🤖 AI Summary
This work addresses the degradation of generalization performance and decision boundary distortion caused by low-quality synthetic samples generated through oversampling under class imbalance. To this end, we propose a generator-agnostic filtering framework that formulates synthetic sample selection as a quality-driven optimization problem. Our approach innovatively integrates discriminator-based authenticity with utility derived from a concave margin function to construct a ranking criterion that monotonically tightens the generalization bound of margin classifiers. A λ-weighted mechanism enables controllable filtering of synthetic instances. Experimental results demonstrate that the proposed framework significantly improves F1-macro and recall on imbalanced datasets such as credit card fraud detection, while maintaining stable ROC-AUC performance; moreover, adjusting λ effectively restores AUPRC.
📝 Abstract
Class imbalance poses a fundamental challenge in risk-sensitive applications such as fraud detection and medical diagnosis, where minority-class samples are scarce yet critical for accurate classification. Existing oversampling methods generate synthetic samples to rebalance class distributions; however, they often produce large numbers of low-quality candidates that distort decision boundaries or introduce artifacts, leading to overfitting and degraded generalization.

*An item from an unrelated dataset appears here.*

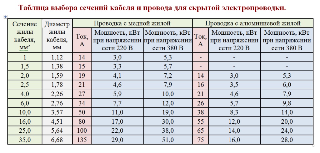 Как видите по таблице, вы легко по силе тока определите сечение необходимого кабеля. Более того вы можете это сделать даже по расчётной мощности включаемый приборов.

In this work, we introduce RUBRIC, a generator-agnostic filtering framework that formulates synthetic sample selection as a quality-over-quantity optimization problem. RUBRIC ranks candidates using a realism-utility trade-off: realism is quantified by a learned discriminator that distinguishes real samples from synthetic samples, while utility captures proximity to the decision boundary through a concave margin-based scoring function. We show that, under mild regularity conditions, the proposed filtering strategy monotonically tightens the generalization bound for margin-based classifiers by jointly reducing distribution shift and suppressing near-negative tail contributions.
Through extensive experiments on credit-card fraud detection and other imbalanced benchmarks, we demonstrate that RUBRIC improves F1-macro and recall while maintaining comparable ROC-AUC across several generators. We also provide explicit lambda-sensitivity analysis to show how users can recover AUPRC when ranking quality is prioritized.